Aus alt macht neu Leiterplatten-Recycling

Von Dipl.-Ing. (FH) Michael Richter 3 min Lesedauer

Leiterplatten bestehen in der Regel aus verschiedenen Materialien: Metallen, Glasfasern und Epoxyd. Um diesen Materialmix wiederverwenden zu können, sind aufwändige Trennverfahren notwendig. Doch lohnt sich der Aufwand für ein paar Gramm Kupfer wirklich?

Hier sollten die Leiterplatten am wenigsten landen. Vermischt mit anderem Schrott ist es schwieriger die einzelnen Rohstoffe wieder voneinander zu trennen.(Bild:  frei lizenziert /  Pixabay)
Hier sollten die Leiterplatten am wenigsten landen. Vermischt mit anderem Schrott ist es schwieriger die einzelnen Rohstoffe wieder voneinander zu trennen.
(Bild: frei lizenziert / Pixabay)

Die Antwort lautet: Ja. Doch schauen wir uns den Prozess im Detail an, um zu verstehen, was erforderlich ist, um aus alten Leiterplatten wieder neue Rohstoffe zu gewinnen.

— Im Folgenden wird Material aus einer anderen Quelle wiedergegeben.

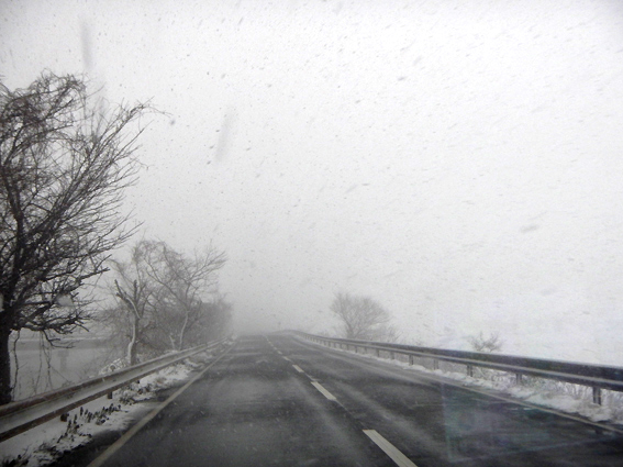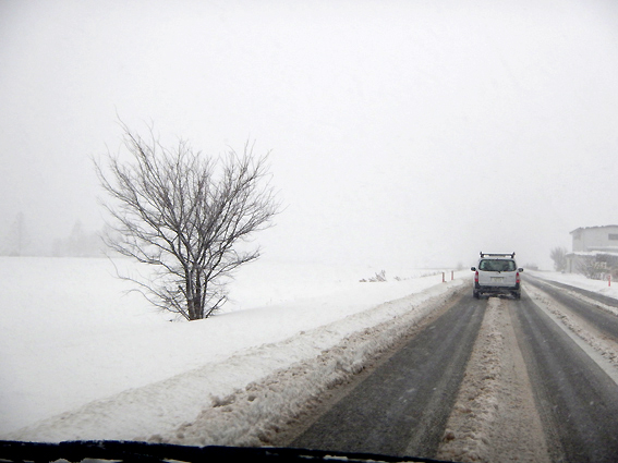 時々ホワイトアウト状態になった時もあり運転が大変。やれやれ。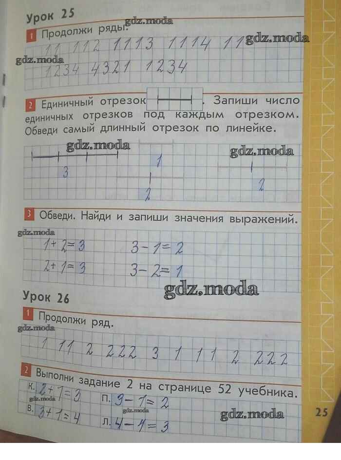ГДЗ решение к заданию № 25 Математика 1 класс рабочая тетрадь Демидова Т.Е. Баласс 2015 ФГОС бесплатно на гдз.мода!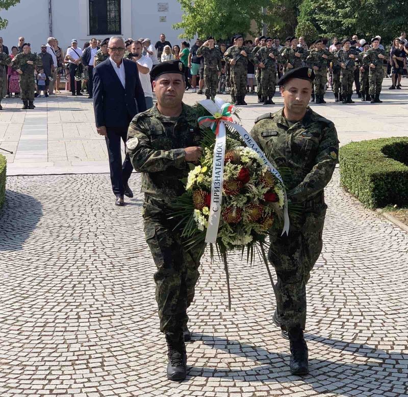 Областният управител, заедно с кмета Стефан Радев и полковник Делян Люцканов, началник щаб на военно формирование 22 220, се включи в ритуала по тържественото издигане на националното знаме на Република България.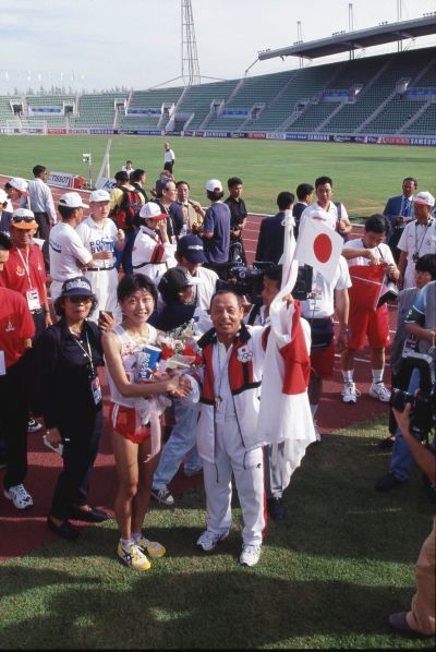 第13回アジア大会は12月に、タイ・バンコクのタマサート大学メインスタジアムで開催された。陸上競技は12月6日の女子マラソンで開幕。間を置いて12月13日に再開され、12月20日の男子マラソンで最終日を迎えた。日本は金12、銀4、銅8のメダル・ラッシュで、3大会ぶりのふたケタに。その口火を切ったのが、女子マラソンの高橋尚子(積水化学)だった。

Die mechanische Zerkleinerung

Zuerst einmal muss die Leiterplatte zerkleinert werden, um den Verbund von FR4 und Metall zu lösen. Moderne Recyclinganlagen wie die von Stokkermill, setzen hier durch Granulierung und Trennung auf ein relativ einfaches Verfahren, was jedoch ermöglicht, dass möglichst wenige Edelmetalle verloren gehen. Im Falle der Stokkermill Anlage können hier 500 kg/h verarbeitet werden.

Trennung der Materialien

Um nun Metall und Kunststoffe voneinander zu trennen, wird mittels elektrostatischer Separation der Kunststoff aus dem Materialmix gezogen. Die getrennten Materialien können dann anschließend weiterverarbeitet und getrennt werden.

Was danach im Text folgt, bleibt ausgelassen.